13-cis-retinyl acetate 13Z-a ¹H NMR (500 MHz, C₆D₆) δ (ppm) 6.72–6.63 (m, 2H), 6.30(s, 2H), 6.16 (d, J= 9.3 Hz, 1H), 5.48 (t, J= 7.4 Hz, 1H), 4.75(d, J= 7.3 Hz, 2H), 1.97 (t, J= 6.4 Hz, 2H), 1.84 (s, 3H), 1.79 (s, 3H), 1.76 (s, 3H), 1.67 (s, 3H), 1.61–1.56 (m, 2H), 1.51– 1.42 (m, 2H), 1.13 (s, 6H). ¹³C NMR (126 MHz, C₆D₆) δ 169.71, 138.00, 137.88, 137.45, 136.74, 130.84, 129.18, 128.52, 127.07, 123.61, 59.85, 39.62, 34.22, 32.99, 28.84, 21.61, 20.53, 20.05, 19.37, 12.39.

NMR assignment was previously reported.^[63]

9-cis-retinol 9Z-c ¹H NMR (500 MHz, C₆D₆) δ 7.01 (d, J = 16.1 Hz, 1H), 6.91 (dd, J = 15.1, 11.4 Hz, 1H), 6.33 (d, J = 16.0 Hz, 1H), 6.25 (d, J = 15.1 Hz, 1H), 6.09 (d, J = 11.3 Hz, 1H), 5.58 (t, J = 6.8 Hz, 1H), 3.96 (d, J = 6.7 Hz, 2H), 1.94 (s, 5H), 1.87 (d, J = 15.5 Hz, 1H), 1.81 (s, 3H), 1.57 (dd, J = 7.6, 4.3 Hz, 2H), 1.54 (s, 4H), 1.49 – 1.42 (m, 2H), 1.11 (s, 6H).

Complete NMR assignment was previously reported.^[64]

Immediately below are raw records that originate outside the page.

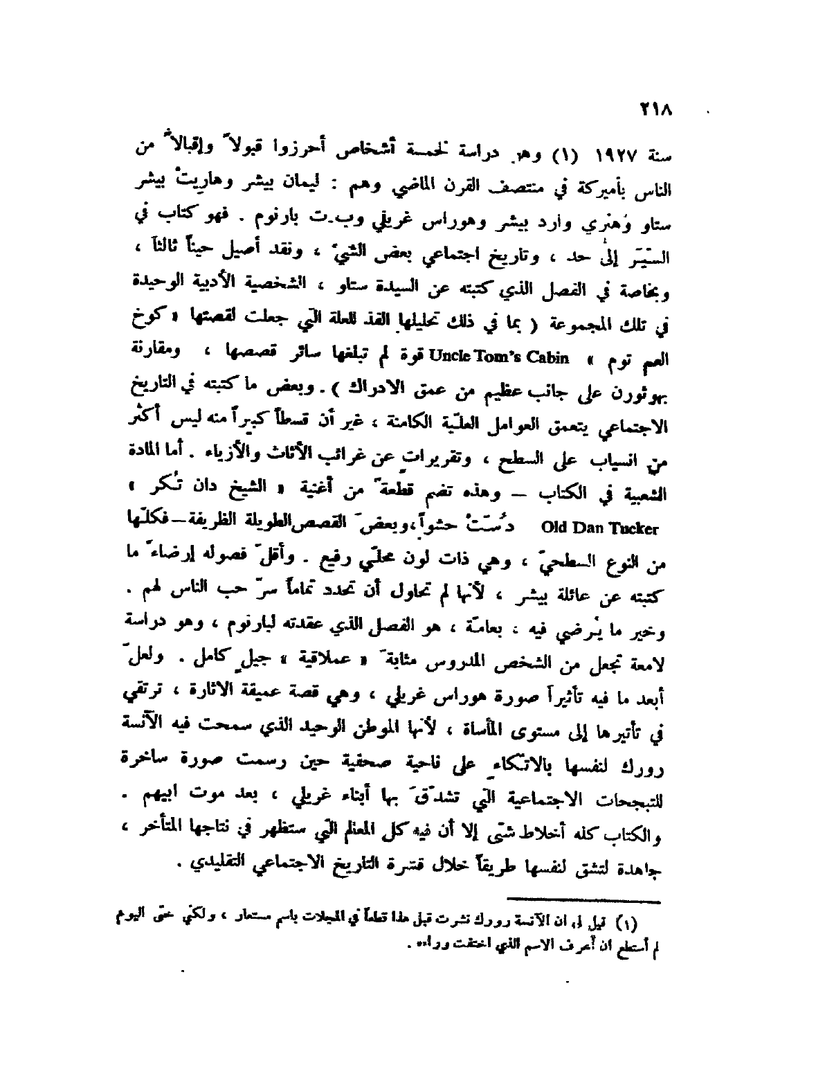 سنة 1927 (1) وهو دراسة لخمسة أشخاص أحرزوا قبولاً وإقبالاً من الناس بأميركية في منتصف القرن الماضي وهم: ليمان بيشر وهاربت بيشر ستاو وهنري وارد بيشر وهوراس غريلي وب. ت. بارنوم. فهو كتاب في السير إلى حد، وتاريخ اجتماعي بعض الشيء، ونقد أصيل حيناً ثالثاً، وبخاصة في الفصل الذي كتبته عن السيدة ستاو، الشخصية الأدبية الوحيدة في تلك المجموعة (بما في ذلك تحليلها الفذ للعلة التي جعلت لقصتها " كوخ العم توم " Unche Tom " s Cabin قوة لم تبلغها سائر قصصها، ومقارنة بهرثورن على جانب عظيم من عمق الإدراك) . وبعض ما كتبته في التاريخ الاجتماعي بتعمق العوامل العلية الكامنة، غير أن قسطاً كبيراً منه ليس أكثر من انسياب على السطح، وتقريرات عن غرائب الإناث والأزياء. أما المادة الشعبية في الكتاب؟ وهذه تضم قطعة من أغنية " الشيخ دان تكر " Old Dan Tucker دست حشواً، وبعض القصص الطويلة الظريفة؟ فكلها من النوع السطحي، وهي ذات لون محلي رفيع. وأقل فصوله إرضاء ما كتبته عن عائلة بيشر، لأنها لم تحاول أن تحدد تماماً سر حب الناس لهم. وخير ما يرضي فيه، بعامة، هو الفصل الذي عقدته لبارنوم، وهو دراسة لامعة تجعل من الشخص المدروس مثابة " عملاقية " جيلٍ كامل. ولعل أبعد ما فيه تأثيراً صورة هوراس غريلي، وهي قصة عميقة الإثارة، ترتقي في تأثيرها إلى مستوى المأساة، لأنها الموطن الوحيد الذي سمحت فيه الآنسة رورك لنفسها بالاتكاء على ناحية صحفية حين رسمت صورة ساخرة للتبجحات الاجتماعية التي تشدق بها أبناء غريلي، بعد موت أبيهم. والكتاب كله أخلاط شتى إلا أن فيه كل المعالم التي ستظهر في نتاجها المتأخر، جاهدة لتشق لنفسها طريقاً خلال قشرة التاريخ الاجتماعي التقليدي.
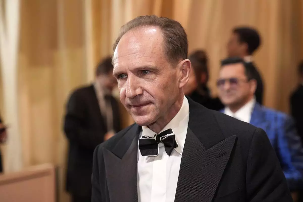 Ralph Fiennes arrives at the Oscars on Sunday, March 2, 2025, at the Dolby Theatre in Los Angeles. (AP Photo/John Locher)
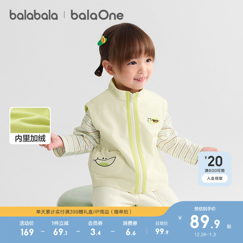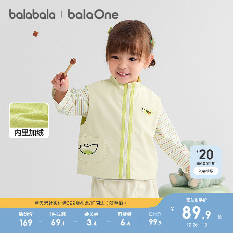 巴拉巴拉童装宝宝马甲女童背心男童2025新款秋装防泼水加绒上衣潮
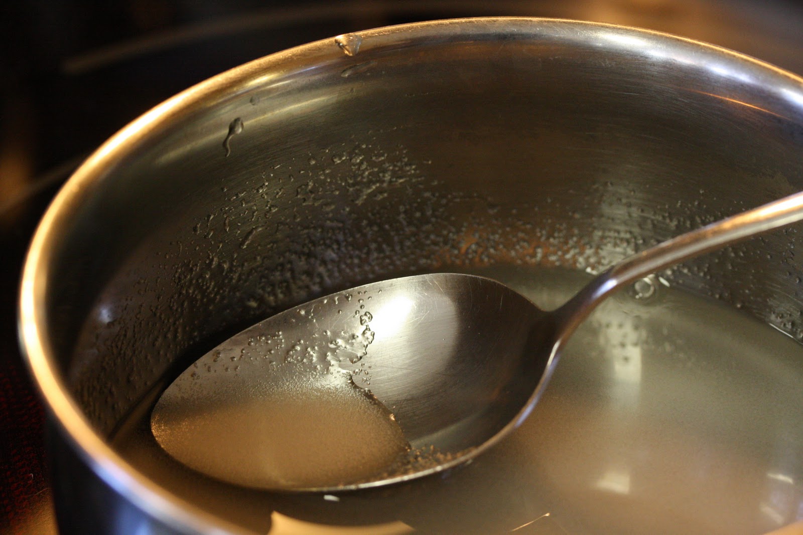 Start by making a simple syrup with sugar and water.ย Bring the mixture to a boil and cook until it starts to thicken and all the sugar is dissolved.
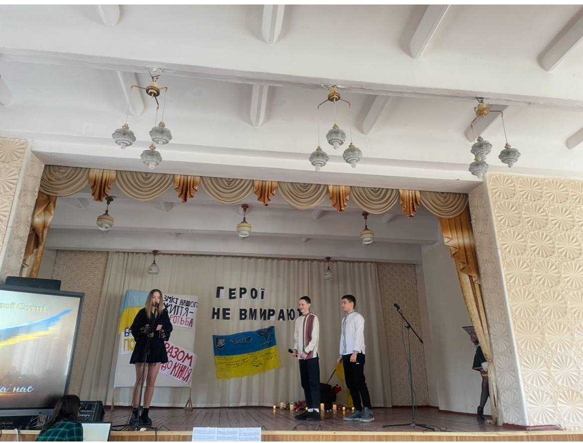 20 лютого учні 8-Г класу ( кл.керівник Пацалюк О.Д.) провели захід, щоб вшанувати пам’ять Героїв Небесної Сотні, активістів Майдану, які віддали своє життя, протестуючи проти намірів повернути країну під російське ярмо й позбавити її європейського майбутнього. Завдяки їхній жертві Україна здобула першу перемогу у битві, що триває й донині. Будьмо гідними їхньої пам’яті – захищаймо своє!
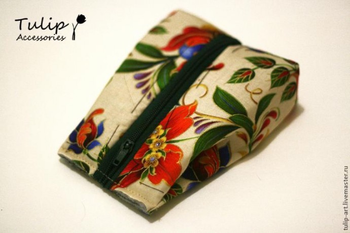 Косметичка своими рукамиНеобычная форма выкройки делает эту косметичку очень удобной.
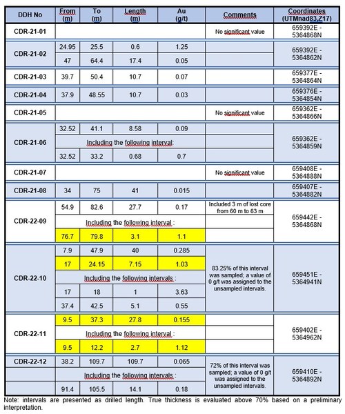 Gold enrichment was locally obtained within this program with 1.1 g/t over 3.0 m in hole CDR–22–09, 1.0 g/t over 7.2 m (including 1 m at 3.6 g/t) from hole CDR–22–10 and 1.1 g/t over 2.7 m in hole CDR–22–11. See the table for details of gold intervals.
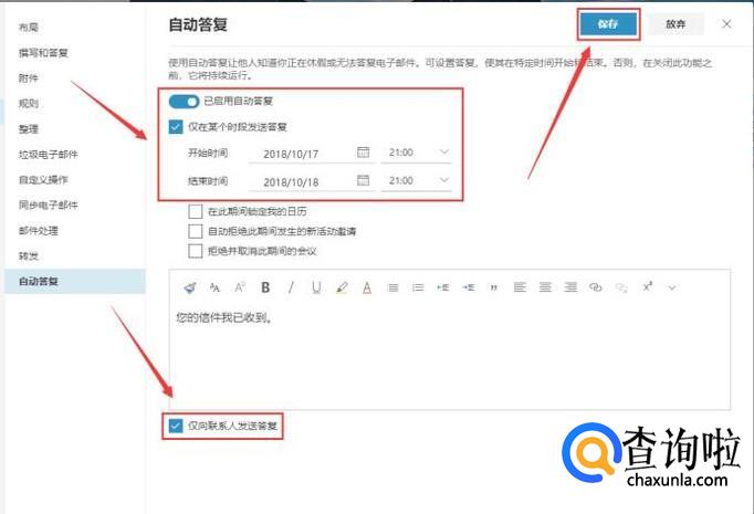 如图,选中“开启自动回复”,可以设置回复的时段,或是“仅向联系人发送答复”,点击保存,自动回复就被设置成功了。
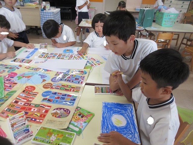 運動会にむけて、ゆり組は自由遊びの時間に万国旗を描いています。世界の国旗をみて、お気に入りの旗を何枚も完成させてお部屋に飾りました。知らない国を知る良い機会になっています。 | ||
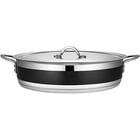 For easy transport between busy commercial kitchens and front-of-house spaces, this item comes with convenient helper handles. The handles are even riveted to the body to provide a secure connection that won't come loose or break over time. This product also includes a matching lid to preserve freshness and retain the heat within the pan. This brazier pot features an induction-ready bottom as well, but it also works great with virtually any other heat source for even cooking done right!
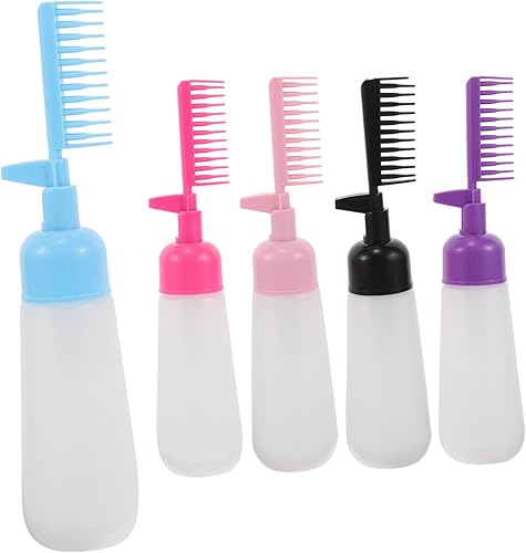 FRCOLOR 5pcs Portable Hair Dye Applicator Comb Bottle Set Large Capacity Oil Dispenser Root Comb for Hair Dyeing and Oiling
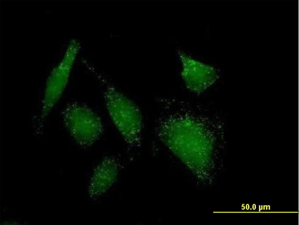 - Immunofluorescence of purified MaxPab antibody to ACOT8 on HeLa cell. [antibody concentration 10 ug/ml]
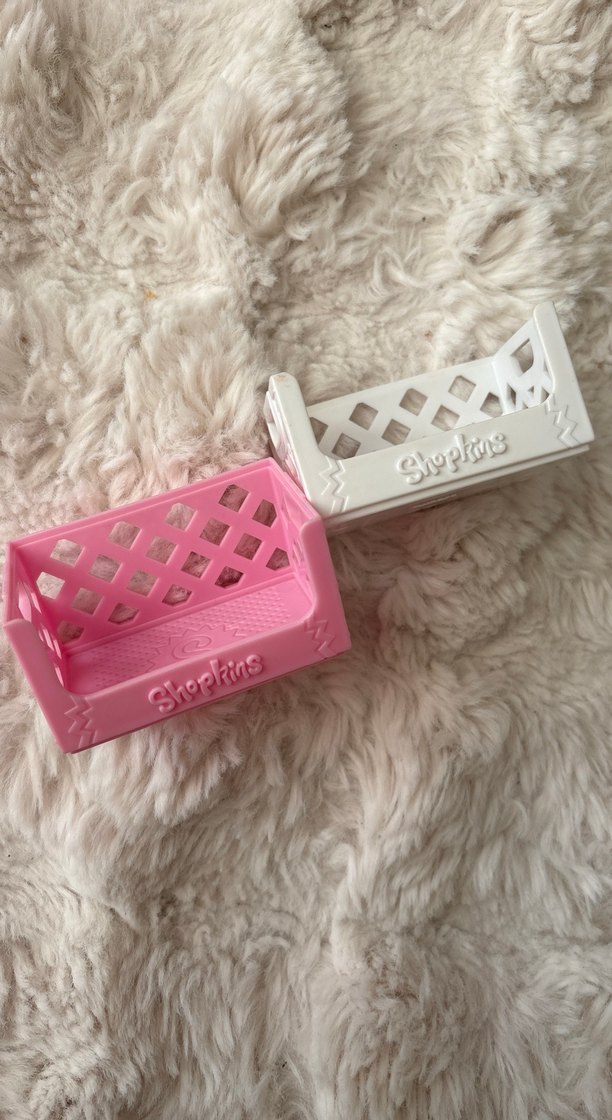 Pastel pembe ve beyaz renklerde, dayanıklı plastikten yapılmış Shopkins bebek beşikleri, kafes desenli tasarım içerir.
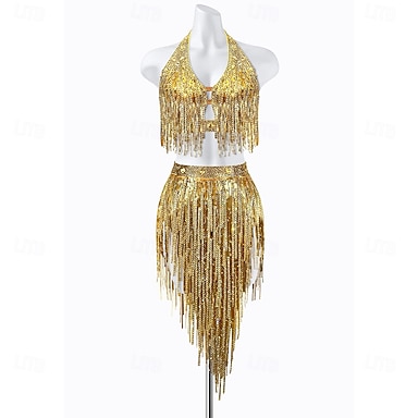 Conjunto feminino de dança latina com franjas de lantejoulas douradas - top cropped frente única &Traje de dança de salão com saia assimétrica
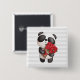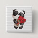A button with an adorable watercolor drawing. An adorable black and white panda bear carrying a bouquet of roses. Gray and white striped background.
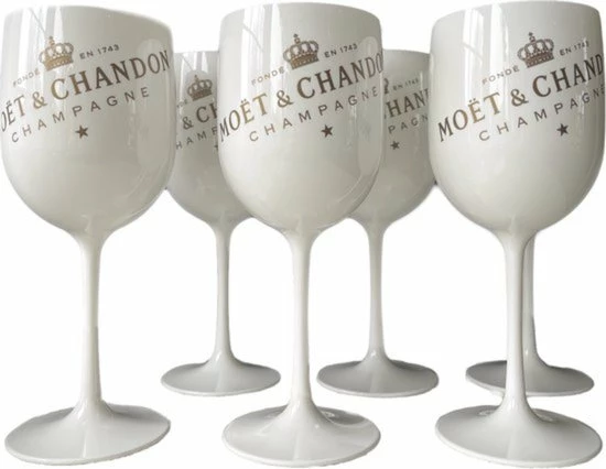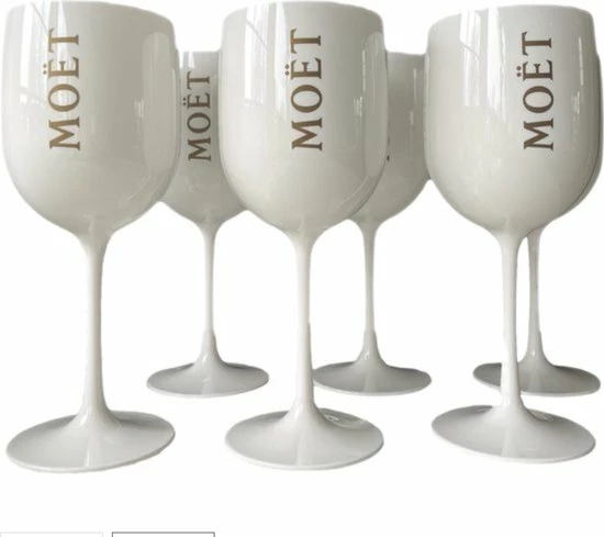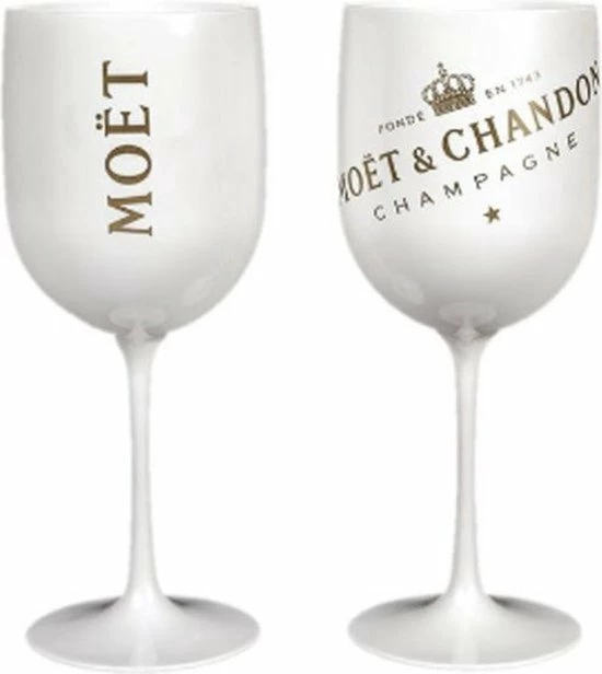 Het witte glas is stijlvol en herkenbaar. Het laat een unieke indruk achter. De glazen zijn van een speciaal kunststof en moeilijk breekbaar. Zo kunnen de Moët & Chandon glazen ook beter meegenomen worden op locatie. Zoals bijvoorbeeld tijdens het drinken van Moët & Chandon Ice op het strand, tijdens een speciale gelegenheid of de jaarwisseling. Deze glazen drinken heerlijk en zorgen voor de perfecte smaakbeleving.
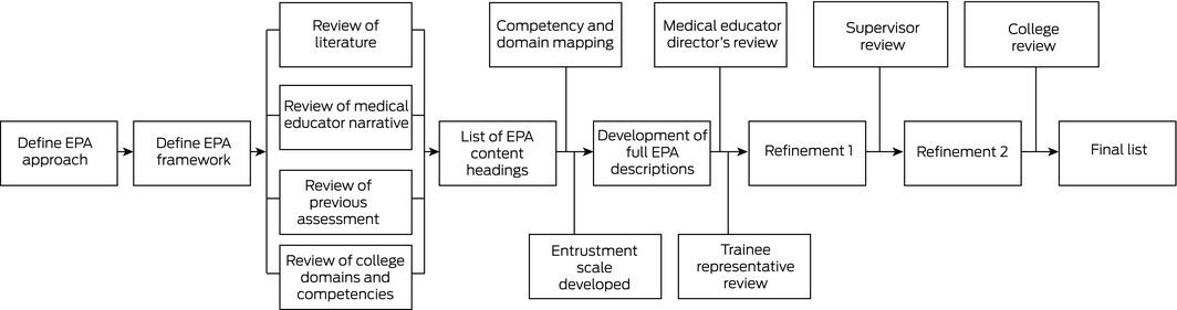 Published literature and guidelines informed the development of the 13 EPAs in the process summarised in Box 1.23 Overall competence comprises a number of specific competencies applied repeatedly and contemporaneously.24,25 By limiting the number of EPAs to 13 that encompassed broad responsibilities, we ensured their use would be practicable for supervisors and trainees, while still providing opportunities for specific feedback.8,24 EPA content headings were developed after a comprehensive review of the relevant literature and of domains and competencies of the curricula of the Royal Australian College of General Practitioners26 and the Australian College of Rural and Remote Medicine.27 Throughout the development process, key stakeholders, including supervisors, trainees, medical educators and college representatives, were consulted to ensure that published standards for content validation were met.23
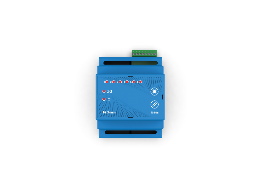 A PS-06m egy olyan eszköz, amely mindazoknak készült, akik szeretnek mindent egy helyen elhelyezni - pl. A PS-06m 6 relével rendelkezik - feszültségmentes kimenettel, és egy TH35 buszra van felszerelve az áramkörök és eszközök közvetlenül a biztosítékkimenet mögé történő csatlakoztatásával. Legfeljebb 6 eszköz csatlakoztatása lehetséges.
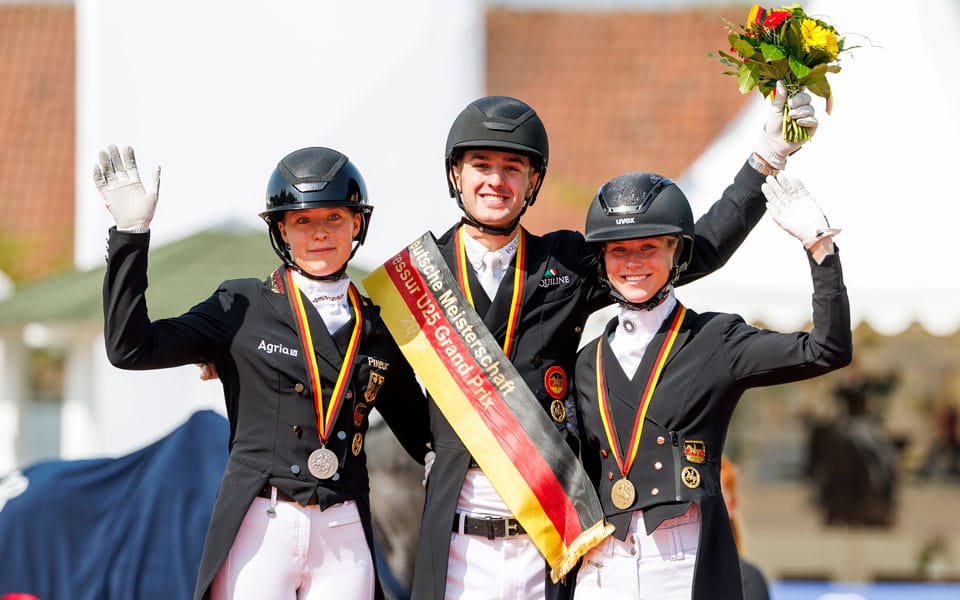 Bei den Deutschen Meisterschaften sind die ersten Titel vergeben worden. Im Viereck wurden Cadeau Noir v. Christ/De Niro (Z.: Thomas Heuer, Bienenbüttel) und Moritz Treffinger Deutsche Meister der U25-Reiter. Das Gestüt Bonhomme hatte den Rappen 2012 auf dem Hengstmarkt entdeckt. Damals noch nicht gekört, wurde er zwei Jahre später zur Zucht zugelassen. Mittlerweile hat der Privatbeschäler internationale Erfolge auf höchstem Niveau gesammelt und war im Vorjahr mit der Bronze-Medaille aus Balve zurückgekehrt.

of 9-cis-retinal 9Z-d ¹H NMR (400 MHz, CDCl₃) δ 10.09 (d, J = 8.2 Hz, 1H), 7.22 (dd, J = 15, 11.6 Hz, 1H), 6.66 (d, J = 15.8 Hz, 1H), 6.33 (d, J = 15.8 Hz, 1H), 6.30 (d, J = 15 Hz, 1H), 6.09 (d, J = 11.6 Hz, 1H), 5.97 (d, J = 8.2 Hz, 1H), 2.31 (s, 3H), 2.05 (m, 2H), 2.02 (s, 3H), 1.75 (s, 3H), 1.64 (m, 2H), 1.48 (m, 2H), 1.04 (s, 6H); ¹³C NMR (100 MHz, CDCl₃) δ 191.4, 155.2, 140.4, 138.2, 134.0, 131.5, 131.3, 130.6, 129.5, 129.2, 128.1, 39.64, 34.45 33.28, 29.20, 22.09, 21.21, 19.38, 13.40.